I stand up. “Fine,” I say amicably, but really I’m sorta pissed. I mean we are like BFF’s. Sure, she says Ford is her real BFF, but you can’t be BFF’s with a dude like you can with your bitches. She should trust me. They should all trust me. I’m not a liability. I’m strong. I can fight. I can shoot. I’m a tattoo artist for f**k’s sake. I’m sorta badass. Plus, I’ve been around for years. Ashleigh and Rook are brand new to this shit. I watched it all happen in real time.
But I’m not in the mood to fight with her right now. I just want to move forward at this point. “You said I can borrow a helmet? I’m going to the Harley shop down in Broomfield soon to pick up my own gear, so I’ll bring it back when I’m done.”She stands and goes back to her bedroom, leaving me to wait. It pisses me off that everyone seems to know Spencer better than I do. Just plain pisses me off.
But I take a deep breath and tuck my annoyance away just as Rook comes back and hands me a black helmet with a full face shield. We walk back up the way we came and end up in the carport where her custom Shrike Bike sits under a blue tarp. She unfastens the bungee cords holding the tarp down and then pulls it off with a whoosh.

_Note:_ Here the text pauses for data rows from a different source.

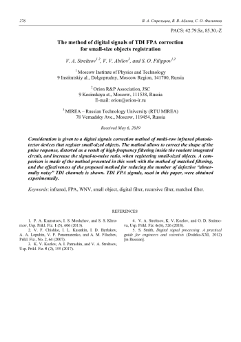 The method of digital signals of TDI FPA correction for small-size objects registration 267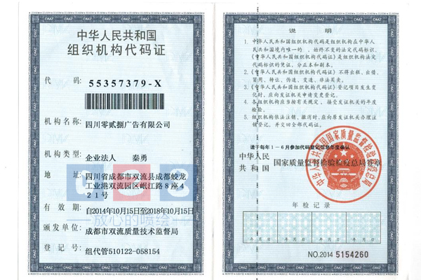 企業(yè)組織機(jī)構(gòu)代碼證: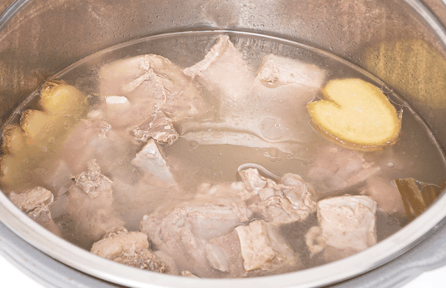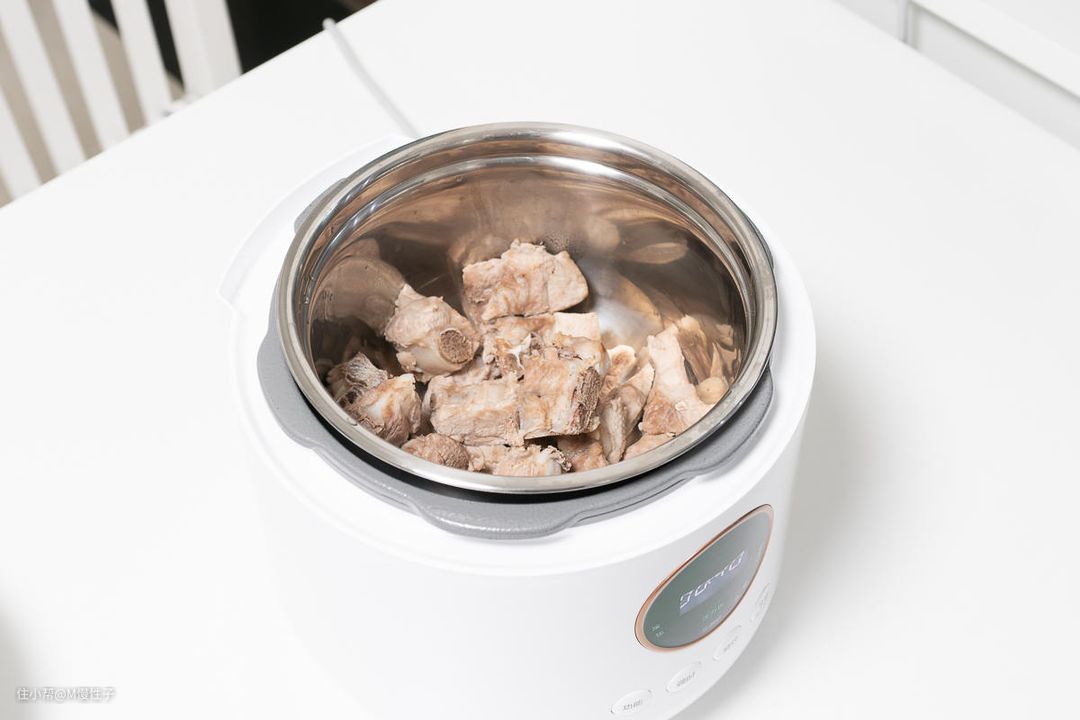 ▼先来红烧个排骨试试效果吧,把排骨先焯水去掉血沫后,放入压力锅中。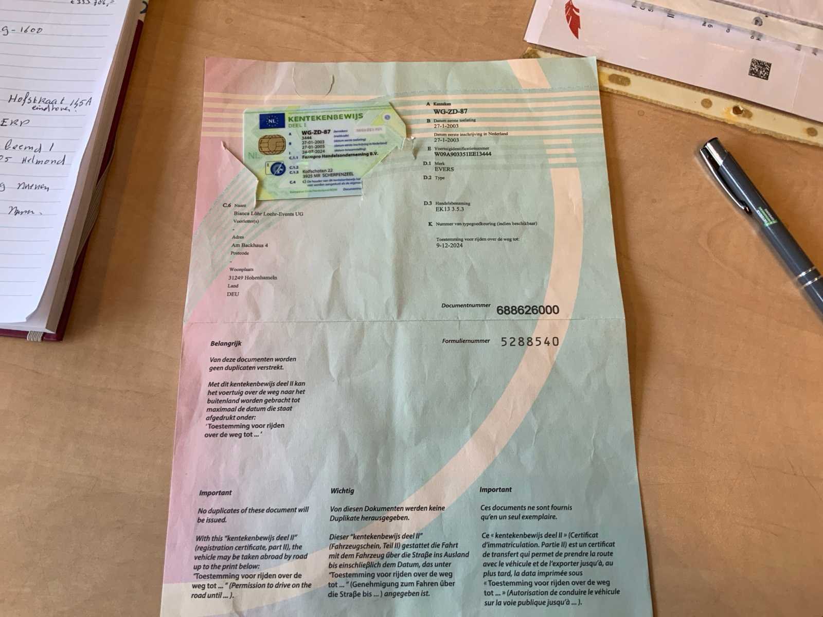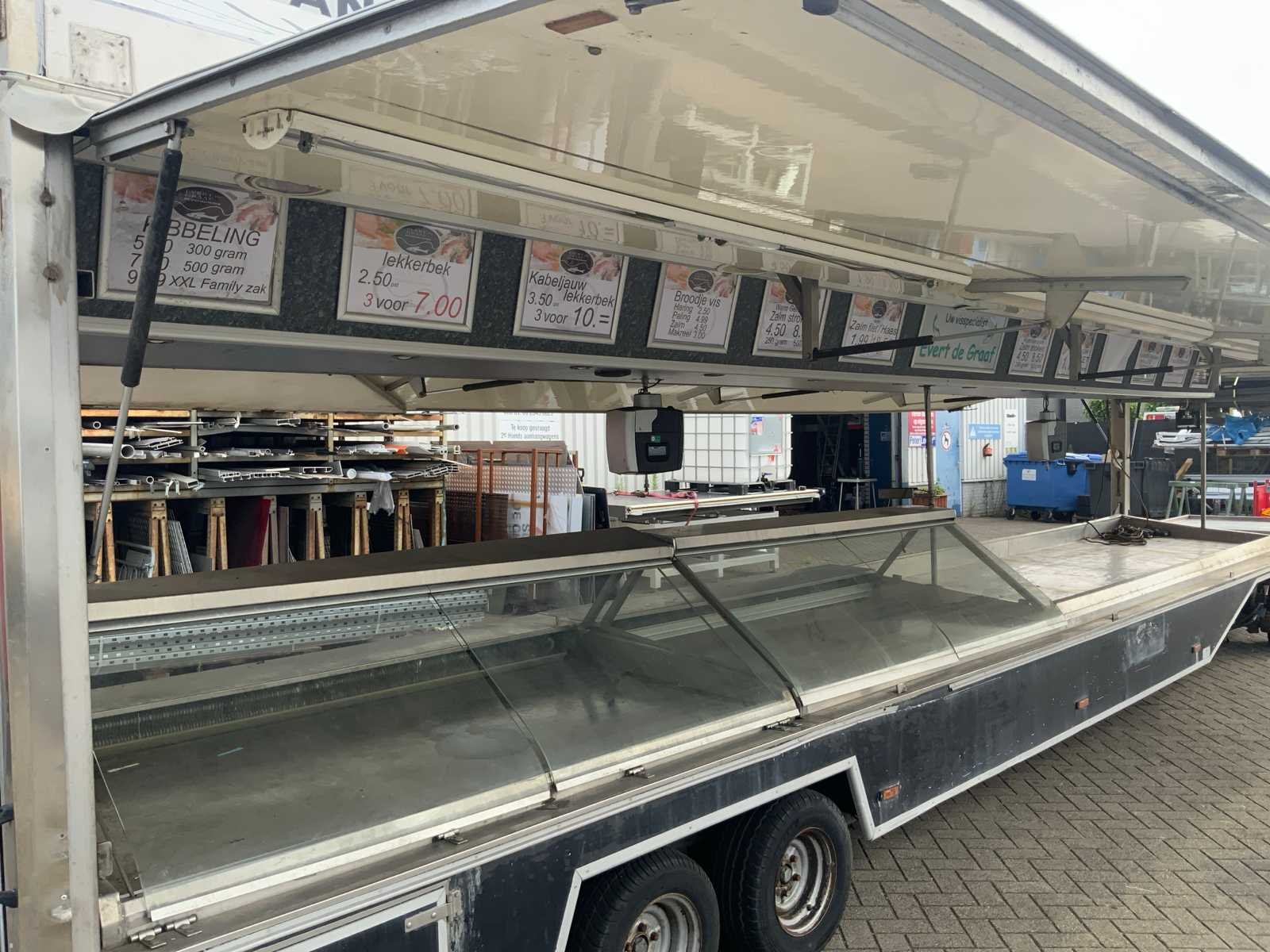 Inclusief toonbank met koeling, verlichting, 2 Avery Berkel digitale hangweegschalen, type: IM500, weegvermogen: min. 100 g / max. 15 kg, aansluiting 230 volt, voorzien van hydraulische radiografische mover met afstandbediening en tochtstroken Merk: Evers Type: EKB 353 Bouwjaar: 2002 Chassisnummer: W09A903351EE18444 Aantal assen: 3 Ledig gewicht: 4600kg Laadvermogen: 800kg Datum eerste toelating: 2003-01-27 Datum eerste toelating (NL): 2003-01-27 Kenteken: WG-ZD-87 Hoogte: 302cm Lengte: 900cm Breedte: 157cm

I sigh with happiness. I’ve seen this bike a million times, but it’s never looked so beautiful. Rook said she picked this bike out on a whim, way back when she first met Spencer. Back before the STURGIS contract, before season one. Back when she was modeling for the TRAGIC stuff with Ronin.
But it’s strange that she chose this bike, of all the bikes he had in the showroom back then.
Because this is the Shrike Blackbird.
The very bike he drew in my sketchbook.
The very bike I tattooed on his back.
The very first bike Spencer Shrike ever made.
And now it’s mine.
Chapter Eight
VERONICA
“I’ll follow you,” Rook says as she opens her truck door.
I twist the key in the ignition and start the bike and then nod out an OK. “I’m gonna take side streets to the DMV so I don’t have to pass the shop or Shrike Bikes. So I’ll cut out once we get back to town.”
She sighs and points her finger at me. “Be careful.”
I nod. “Yes, Mother.” She gets in her truck and I pull away and go slow to let her follow. I realize I’m the only girl in a family of six men, but holy hell, does everyone have to treat me like an invalid? Because seriously, I’m way tougher than Rook and if she can ride a bike to Chicago alone, I’m pretty sure I can handle scootin’ around town.
The dirt road is a bit muddy, so I am extra-special careful until we make it back on the main road that leads to town, but once I get there, I relax and let my mind drift.
Seeing that picture of the first time Spencer painted my body on his desk has triggered all kinds of memories. I have pictures of that day too, but I haven’t looked at them in years. Since the day he gave them to me, as a matter of fact. I was sorta embarrassed to have naked pictures of myself. And I was very worried about my brother Vic finding out about the whole body-painting thing. He’s very protective. The twins could give a shit what I do, and Vann is like my partner in crime. They’ve always babied him too—never stopped them from kicking his ass regularly all growing up, but still. He can relate to being told no all the time.